__EXTRACTED DATA__
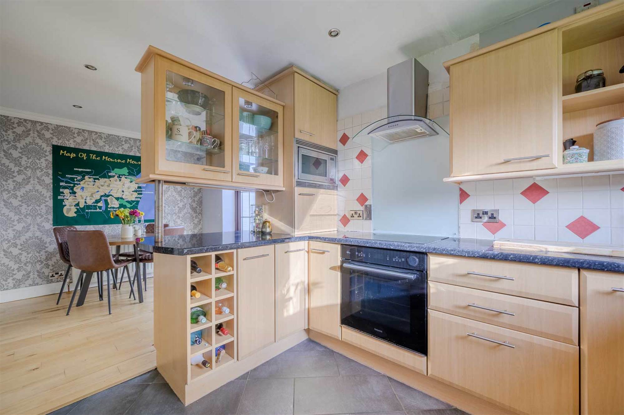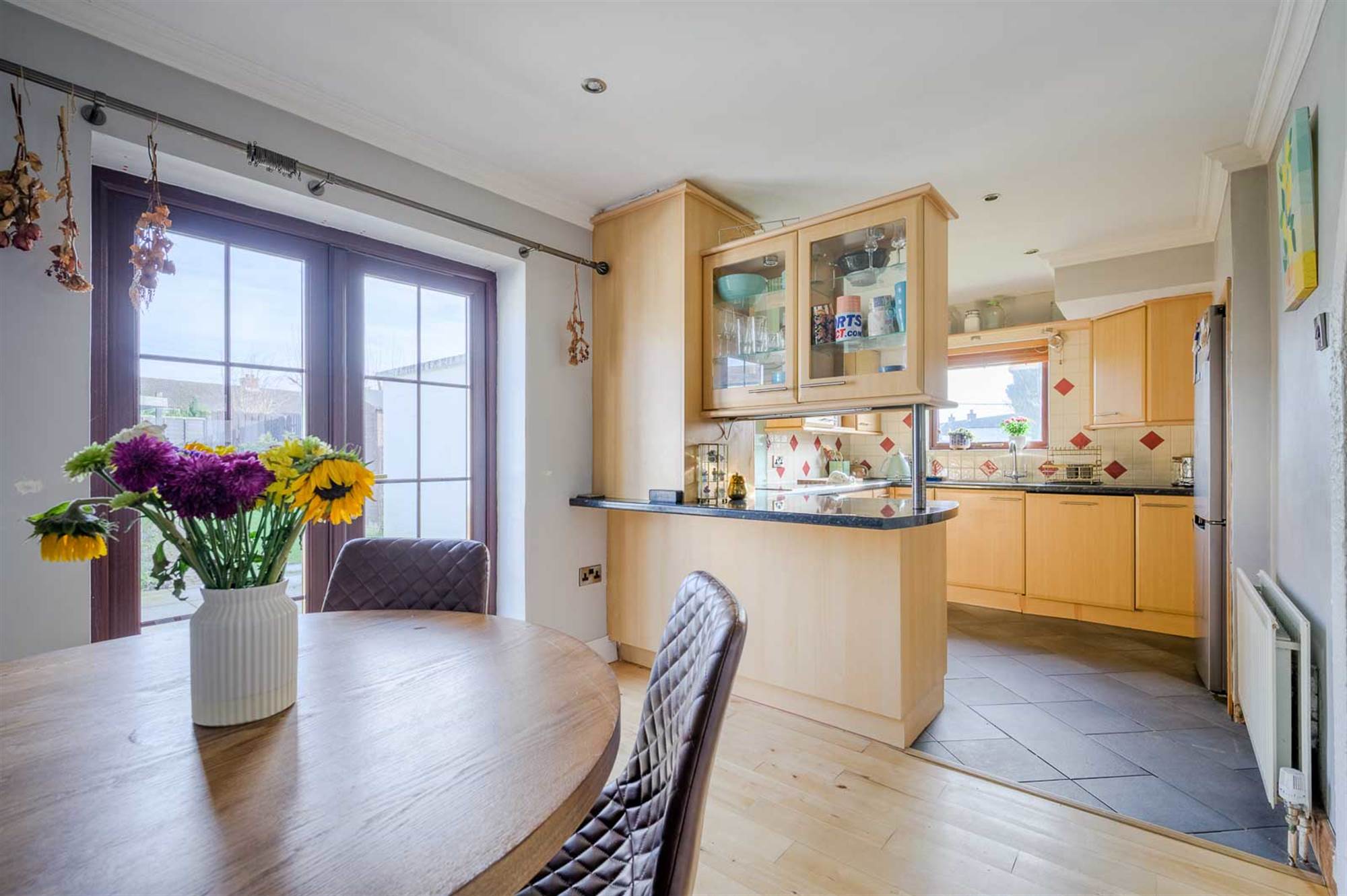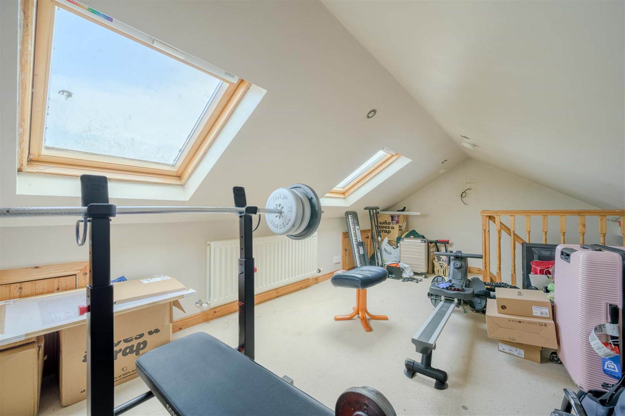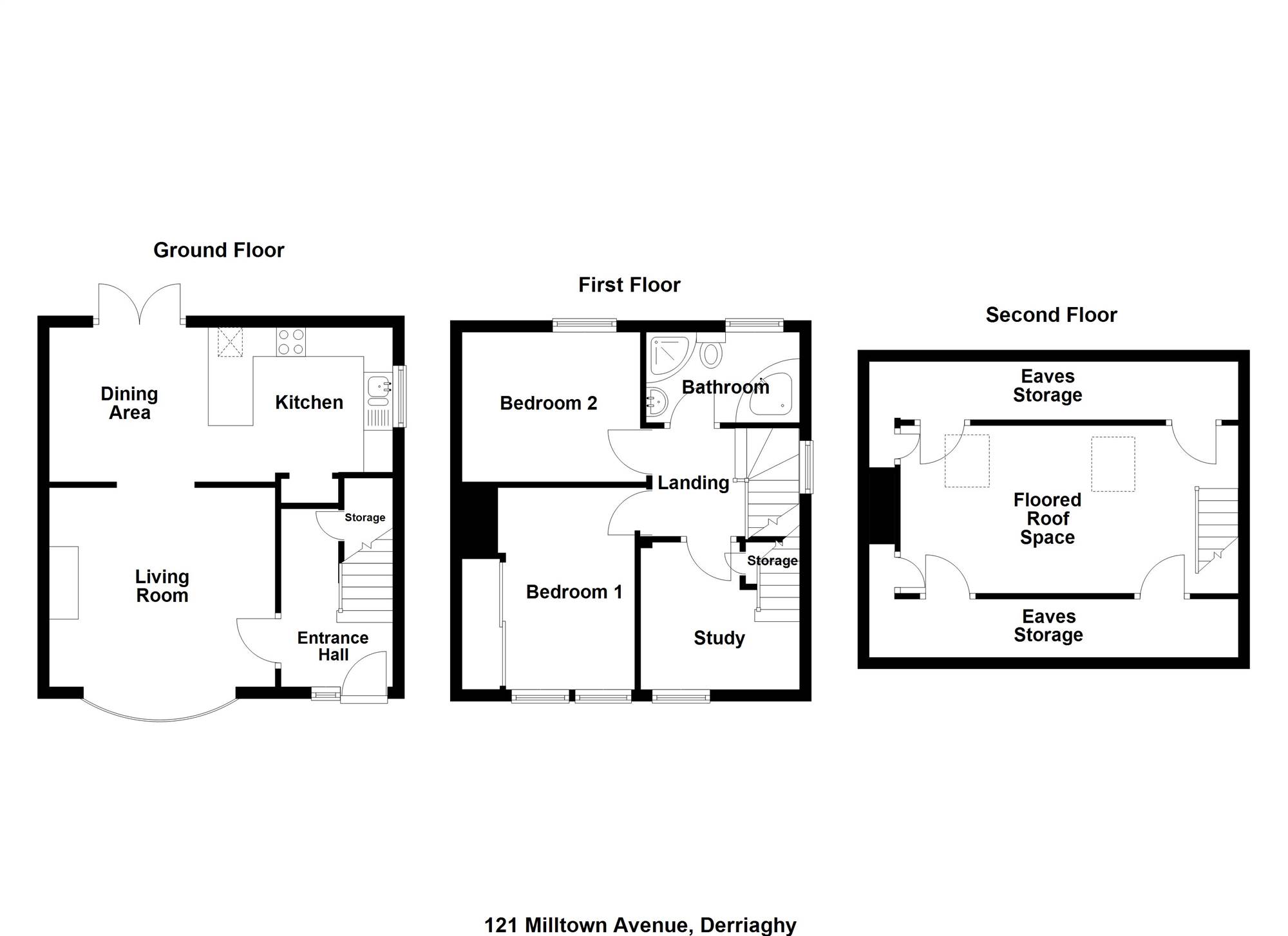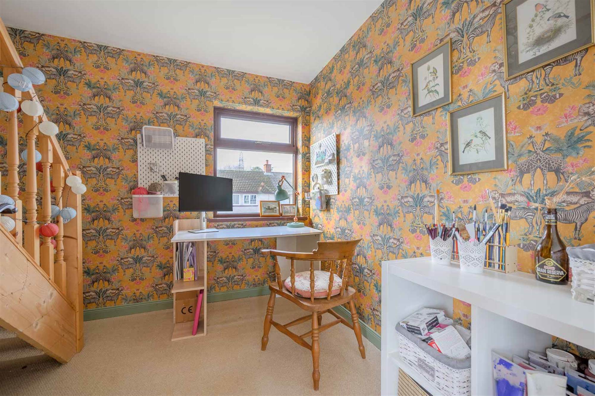 The ground floor comprises a welcoming entrance hall leading to a bright lounge, open plan to the dining area and fitted kitchen, creating a superb flow for modern living and entertaining. Upstairs, there are three bedrooms, with the third currently used as a study and benefiting from a fixed staircase to a floored roofspace, offering excellent additional storage or potential for further use (subject to approvals).
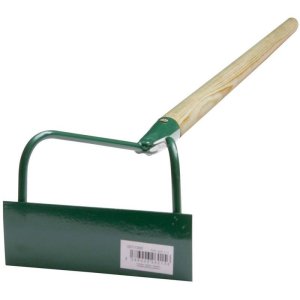 Zahradní motyka / okopávačka s dřevěnou násadou. Šířka 95 mm, výška okopu plochy 70 mm, délka celkem 360 mm.
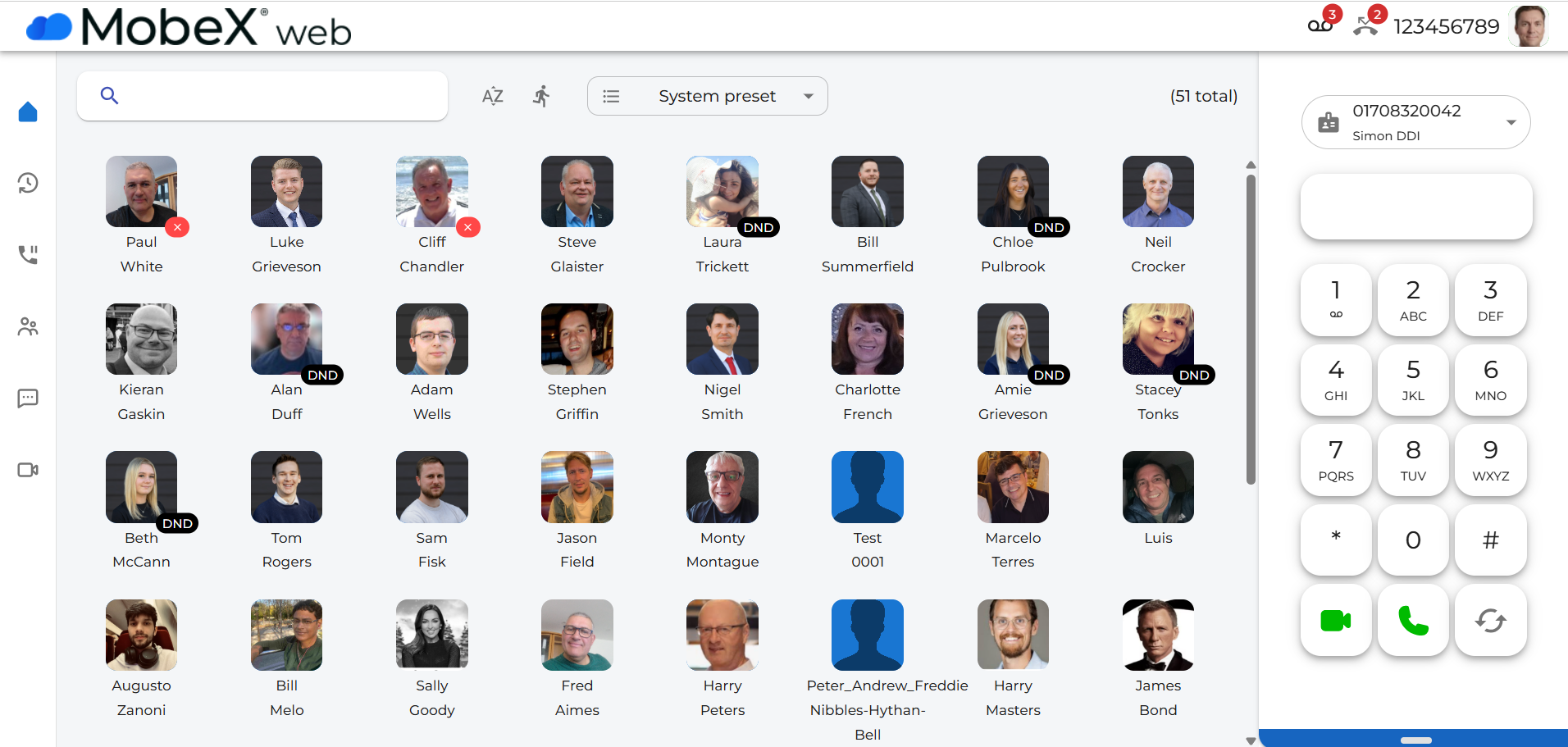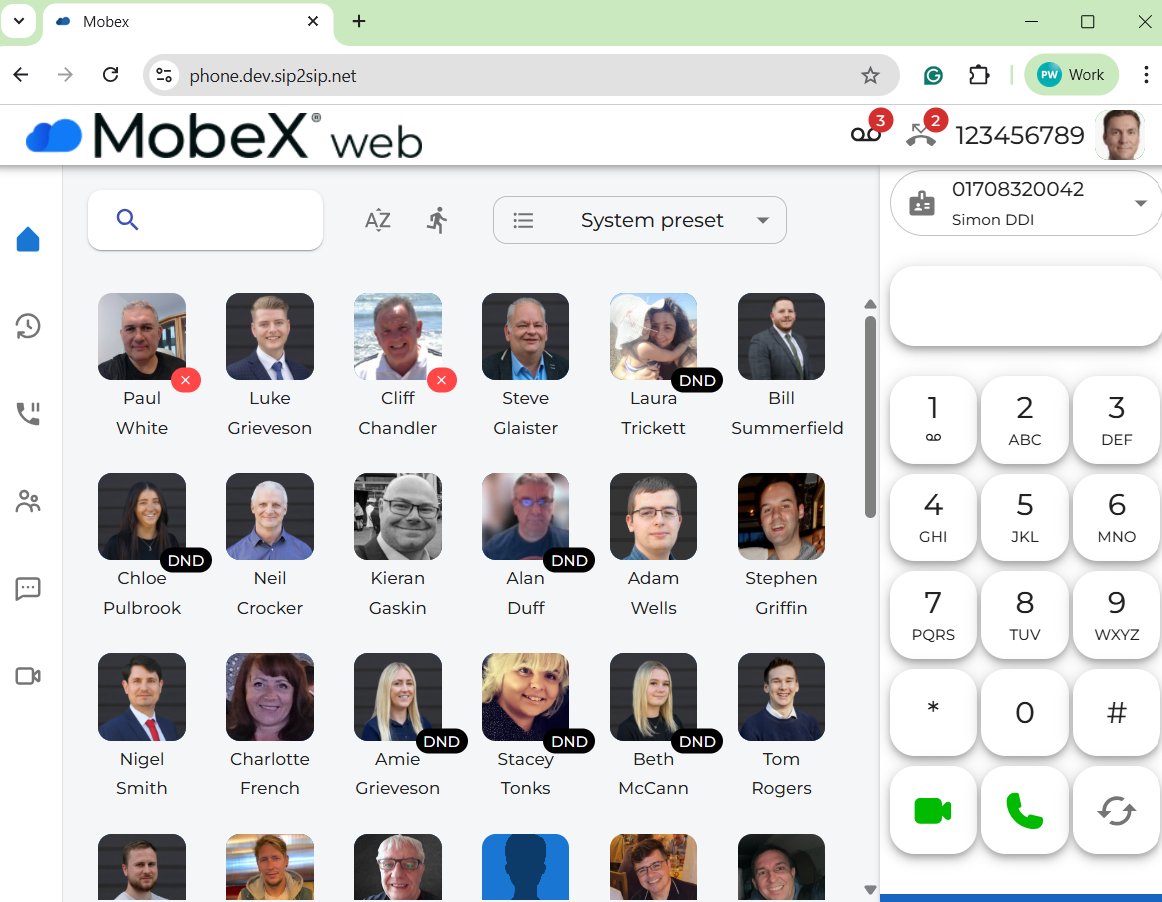 | The Home page gives a visual indication of your work colleagues. It allows you to see the availability of all other users on the system. Laura is in Do Not Disturb, and Paul is unavailable. |
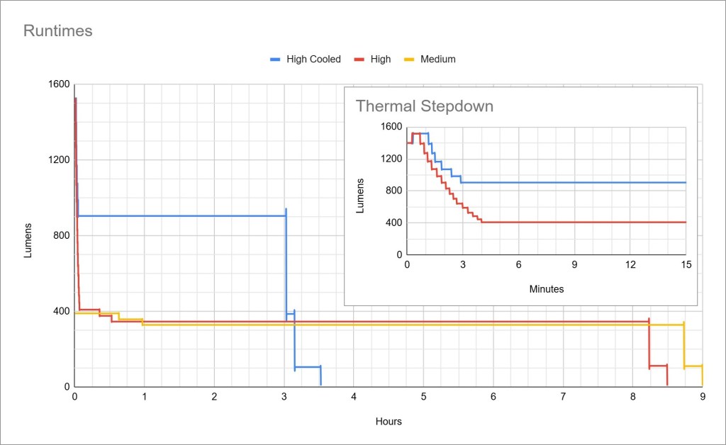 Thermal regulation: My Turbo Cooled test shows a significant increase in sustained brightness, meaning this light has active thermal regulation that will adjust brightness to give you maximum performance without overheating.
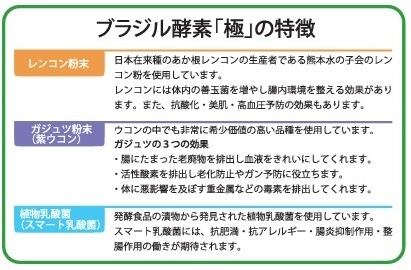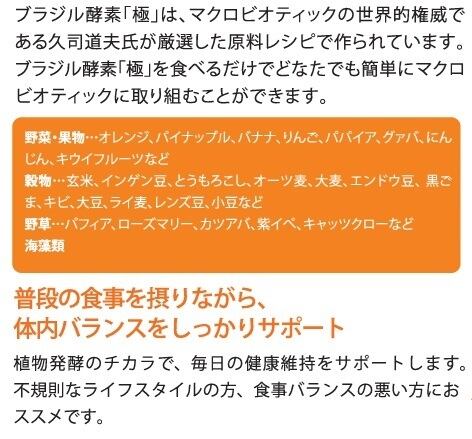 健康と美をサポートする「ブラジル酵素 極」は、マクロビオティックの世界的権威である久司道夫氏監修のもと、80種類の厳選されたブラジルの野菜、果物を含め、穀物、海藻等を発酵させた贅沢な酵素食品です。スティック状の食べきりサイズで旅行先への持ち運びもOK!スティック1本の中に自然の恵みをギュッと詰め込んだこの酵素は、食事のバランスをとるのが難しい現代人の栄養サポートにオススメです。

__EXERCISE AIM__
Everything from the line containing "Zahradní motyka /" to the last line of the records above should be reproduced exactly, except the pictures.

__TASK SOLUTION__
 Zahradní motyka / okopávačka s dřevěnou násadou. Šířka 95 mm, výška okopu plochy 70 mm, délka celkem 360 mm.
 | The Home page gives a visual indication of your work colleagues. It allows you to see the availability of all other users on the system. Laura is in Do Not Disturb, and Paul is unavailable. |
 Thermal regulation: My Turbo Cooled test shows a significant increase in sustained brightness, meaning this light has active thermal regulation that will adjust brightness to give you maximum performance without overheating.
 健康と美をサポートする「ブラジル酵素 極」は、マクロビオティックの世界的権威である久司道夫氏監修のもと、80種類の厳選されたブラジルの野菜、果物を含め、穀物、海藻等を発酵させた贅沢な酵素食品です。スティック状の食べきりサイズで旅行先への持ち運びもOK!スティック1本の中に自然の恵みをギュッと詰め込んだこの酵素は、食事のバランスをとるのが難しい現代人の栄養サポートにオススメです。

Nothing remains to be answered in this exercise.